For RNA-Seq, it has been challenging to distinguish PCR duplicates from biological duplicates. Ghost found a tool that tackles this and answer question:
In your RNA-Seq library, whether the duplicates primarily come from PCR duplicates or biological duplicates?
Does your RNA-Seq library has enough complexity (DNA material) to continue expression analysis?
Why is duplicates problematic in RNA-Seq?
Certain level of duplicates is unavoidable in RNA-Seq. It has been a lasting arguing about whether duplicates should be removed during analysis (seems like most people tend not to remove it).
People agreeing duplicates removal argue that, without removing duplicates, we bias the expression measurements towards highly expressed genes that produce most of the PCR artifacts.
People disagreeing duplicates removal argue that, most of the duplicates are biological duplicates coming from highly expressed genes and bias the expression measurements towards lowly expressed gene.
It all comes down to this: Whether to remove duplicates depends on if most of the duplicates are biological duplicates or PCR duplicates due to over-amplified library. In another word, it depends on the library complexity.
Ways to tackle this
One way to estimate the natural duplicates / PCR duplicates is by looking at the alignment in IGV. Natural duplicates have relatively smooth distribution across most of the exon (isoform) of highly expressed gene while PCR duplicates may have random depth peak. However, this only gives you a raw estimation.

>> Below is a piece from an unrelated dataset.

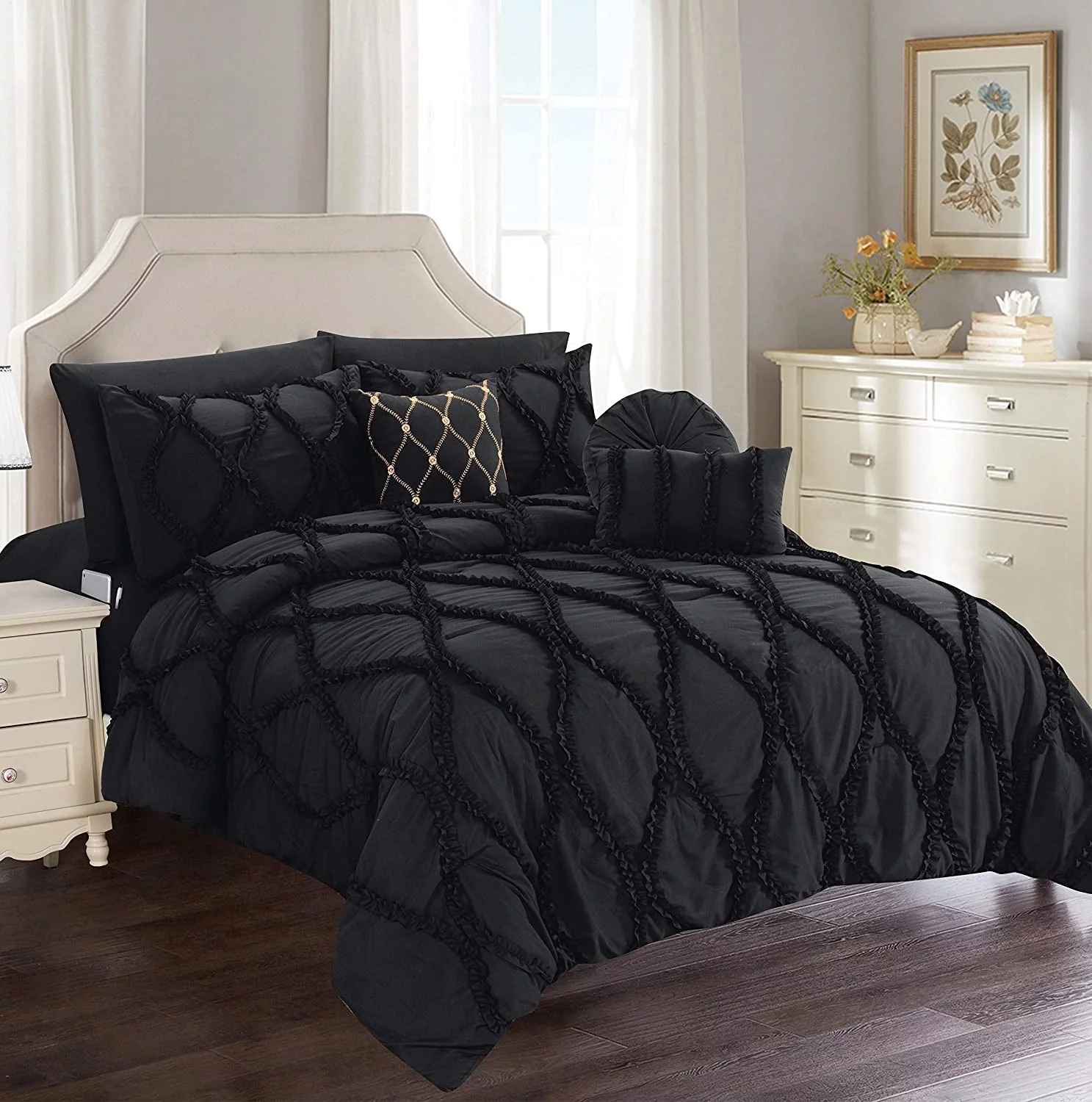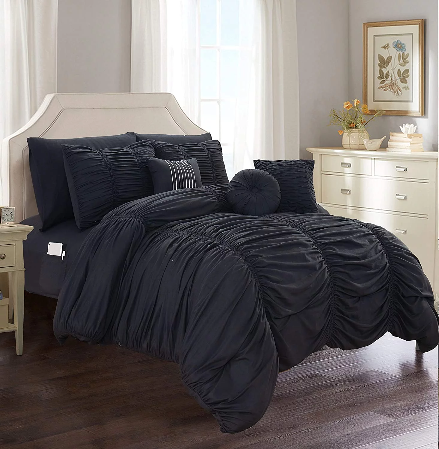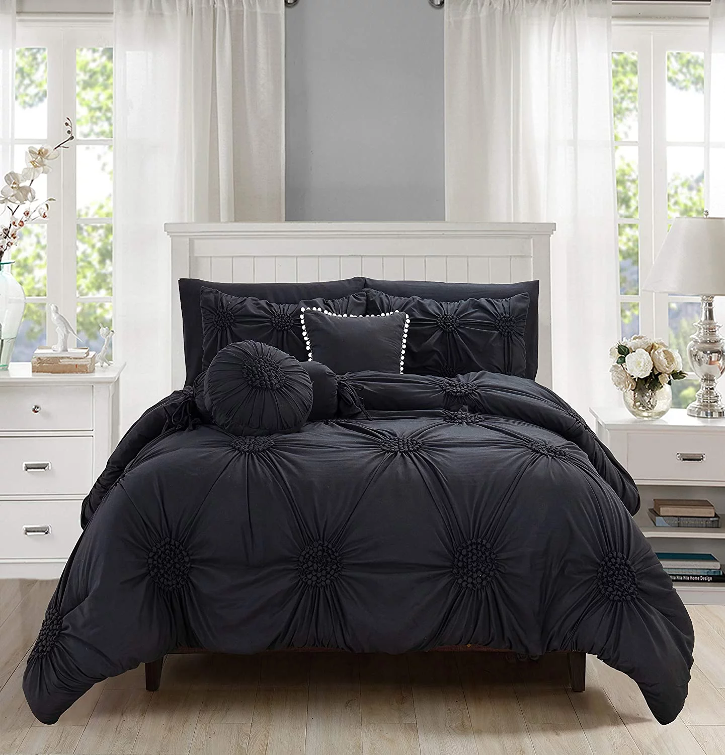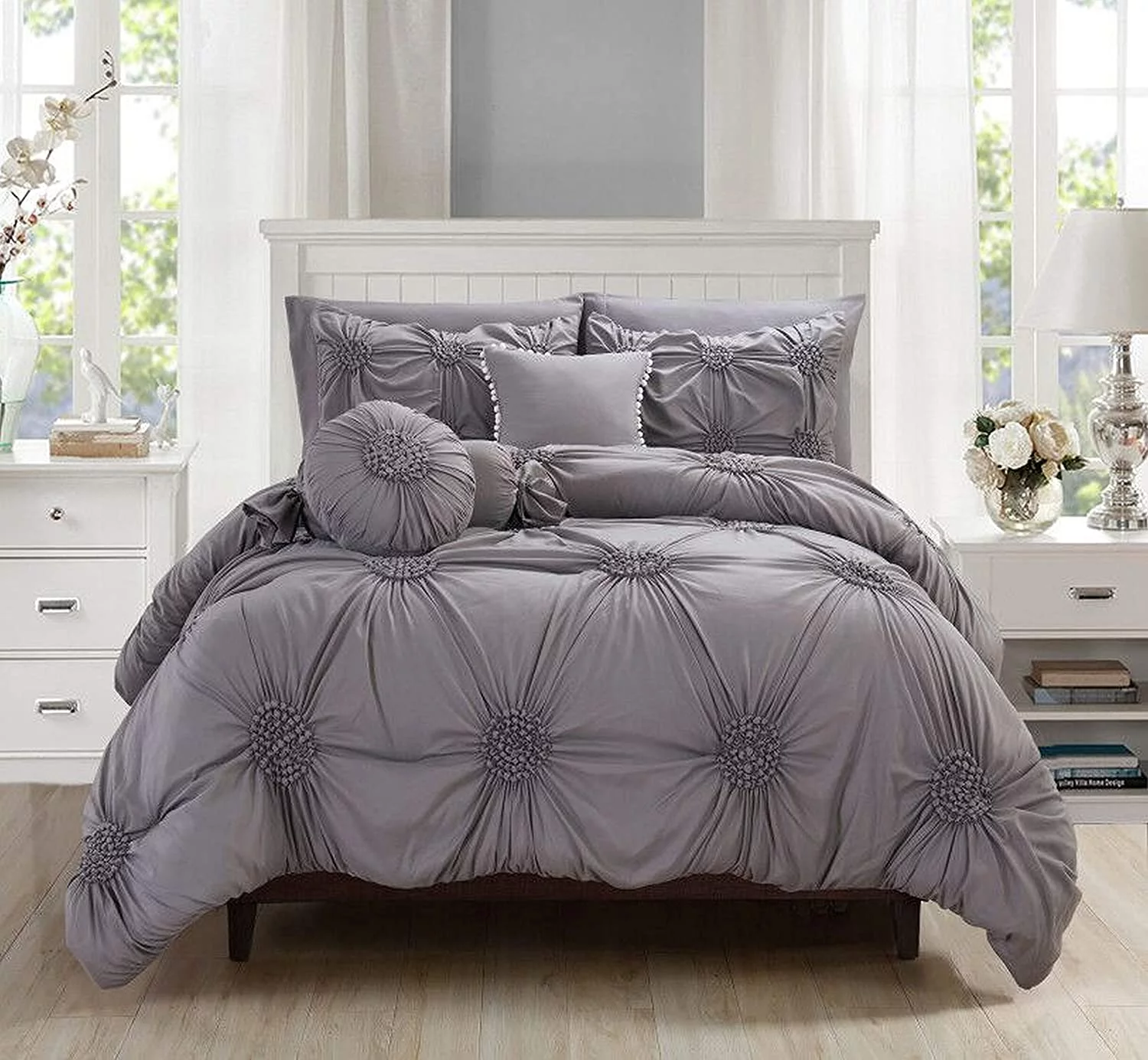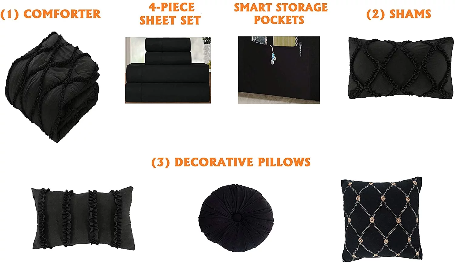 8-Pieces Pintuck Comforter set Includes Bed Sheet Set with Double Sided Storage Pockets, King/Cal King, White

Alternatively, we can use dupRadar. The idea is that, for a moderately amplified RNA-Seq library, the duplicates should only be produced from those highly expressed genes. On the other hand, if the library has to be over-amplified due to its insufficient DNA material, the duplicates may be produced from all expressed gene. Let's check the heatmaps produced by dupRadar.
The x-axis and y-axis indicate the expression level within every kbp (amount of reads aligned to every kbp) and % duplicates. The left figure shows that duplicates level increases as expression raises. This is how a moderately amplified library looks like. The right figure shows that a library with insufficient DNA material get over-amplified and PCR duplicates dominate the library.
The green dot line can also tell the complexity (input DNA amount) of the library (see where the genomic length & library size normalized index lay on genomic length normalized landmark).
Note that, comparing to PE library, the slope of the heatmap will be much higher if SE library is used because the likelihood of sequence being treated as duplicates increases.